I was too annoyed to continue, or to inform my friend that she could have been right, so I hung up the phone. Now I would have to go out to the ATM, withdraw money, take the bus and go to a bank. That sucks. How much do I even have in my account? Lemme check. I logged on to my bank only to find, horror of horrors, that the said amount has been deducted from my account already. What? I picked up the phone again, this time with a perceptible irritation in my voice.

“You did tell me that my last transaction was declined, without reason, right?”

“Yes sir.”

“I have just checked my account balance, and guess what, the money has been deducted.”

“Oh yes sir, that happens. The money is not with WU. We have not charged you for the transaction, but your bank may have removed it because you authorized it to while completing the form online.”

“What?”

“Yes sir. If you’d call them, they’d tell you how soon the money would be returned. It shouldn’t be more than 5 to 7 business days.”

“Let me get this straight,” I said. “You won’t complete my transaction for an unknown reason, yet you can keep my money for seven days?”

“No sir. The money is with the bank. Not with us.”

“This doesn’t make sense,” I replied, “And I won’t wait for another seven days. You either reverse the deduction right now or give me a reason for why you are not completing my transaction.”

“Please talk slowly sir,” She said. “I’m having trouble hearing you now.”

“Alright ma’am. The problem is that I NEED to send that money today, and I don’t have enough money in my account to try again, so you will have put my money back in there right now, or I won’t let you go.”

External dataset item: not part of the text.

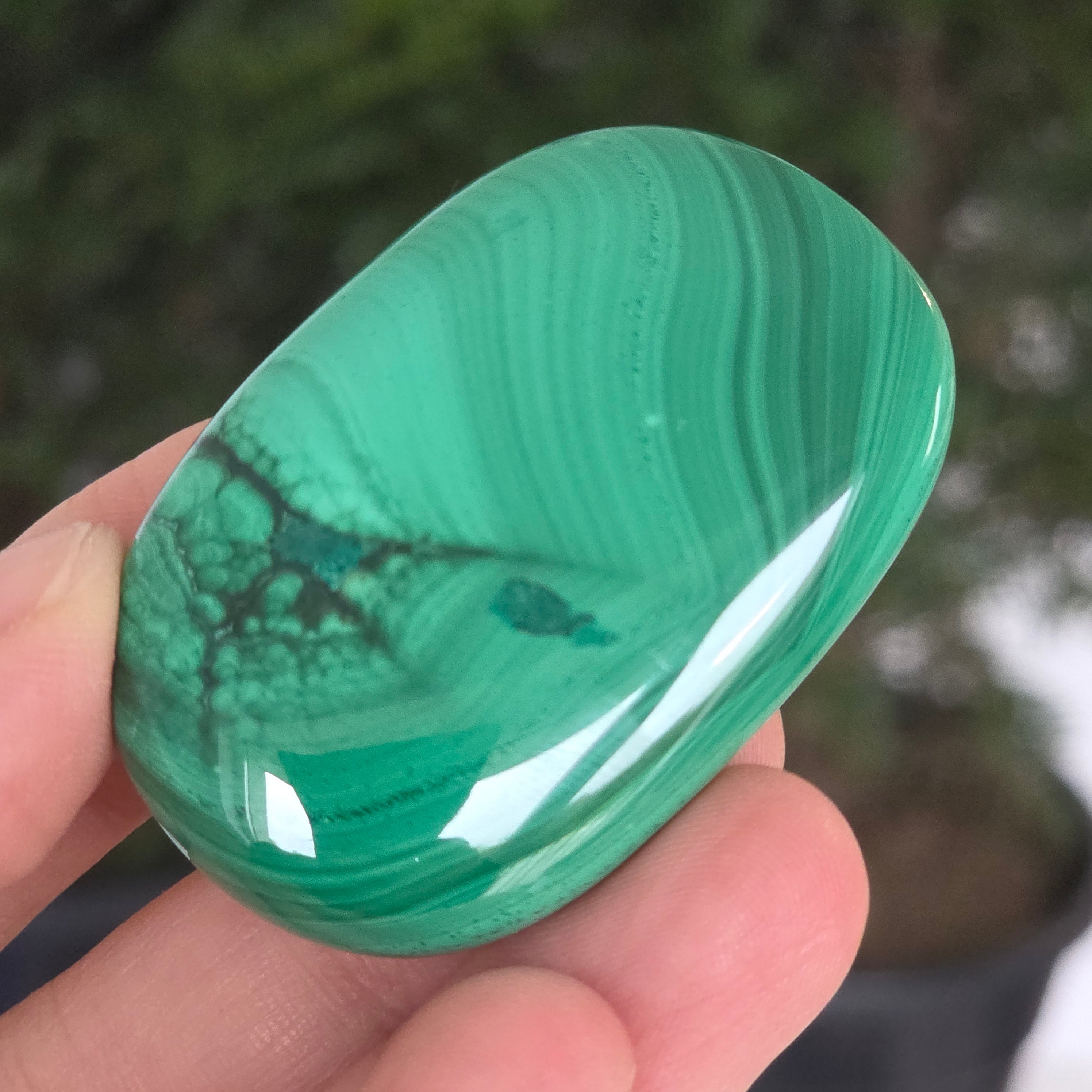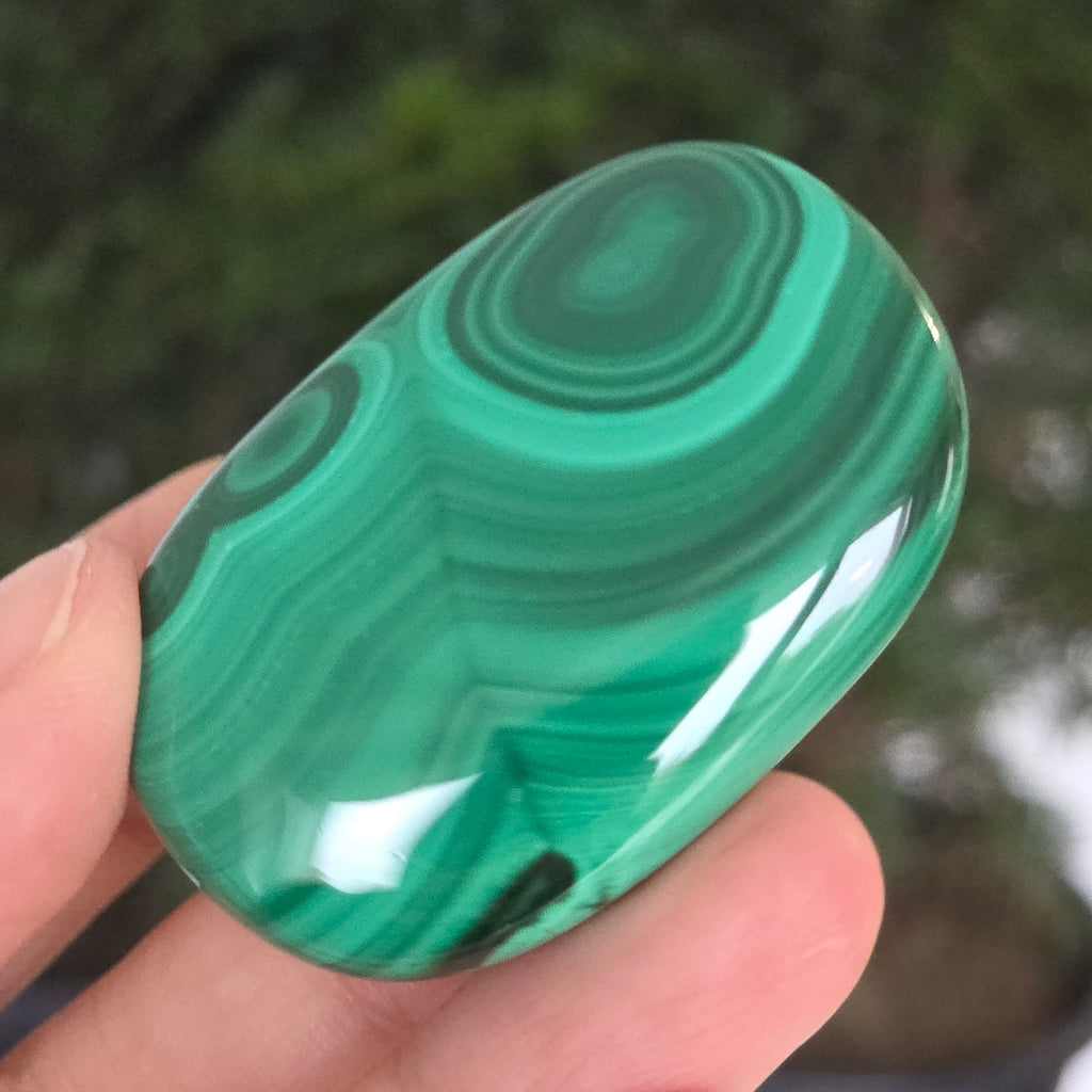 Un palmstone care pare să respire cu energia Pământului viu. Această piesă unicat din malachit natural, dezvăluie ondulații hipnotice de verde intens și smarald, traversate de inele și benzi concentrice ce par sculptate de însăși natura. Textura netedă, perfect șlefuită, face ca piatra să se așeze plăcut în palmă, emanând o vibrație caldă și protectoare.

“Sir, there’s nothing we can do. You’ll have to contact your bank.”

There is nothing I hate more than bottlenecks, and I knew right then that my bank would take at least 5 days to rectify this situation, which was none of my fault. It was enough insult to be denied the chance to send money from the comfort of my room. But to add the injury of having my money to use while I wait? Nope, I aint taking it.

So I said, “please let me speak with your supervisor if you can’t handle this.” I’d been told that this always helps.

“No problem sir. Give me a minute,” she said, and put me on hold.

He came on the line soon enough, and after listening to my rant, explained that the transaction was declined because I had given the wrong answer to a question during the final verification call. That’s crazy, I said. I doubt that could have been possible because I took extra efforts to be sure that everything was accurate. He apologized again profusely and said the money was with the bank. Still.

“Is there anyway you could reverse the declined transaction so that I can do it again, now that you can confirm my identity?”

“No sir. It’s not that easy. It’s all for security reasons. You may try again tomorrow, but I’d advise that you go to a physical location to send it.”

“So what about my money that has now been deducted?” I asked.

“Hold on a minute, let me speak with you bank to know when they’d return it.”

“They’d better return it right now, or I’m not taking it gently.”

“Don’t worry. Just hold on for a minute while I speak with them.”

After a few mins, he got back on the line to tell me that my money had been returned. I checked and it was so. On top of that, he offered me a promotion code with which I could go to a physical location and get 50% off the sending fees. What else could I ask for? I hung up, satisfied. The money has now been sent, and successfully received, although I had to take a bus to get to the physical location not so close by. But it was not that bad. I got a free ride by my professor, and I was able to shop for some groceries. And the 50% discount didn’t hurt either. It is not too bad a customer service experience, but I would like not to have to go through such stress if I can just send the money online, from the comfort of my room.

PS: The money was towards to Jos Red Cross relief efforts.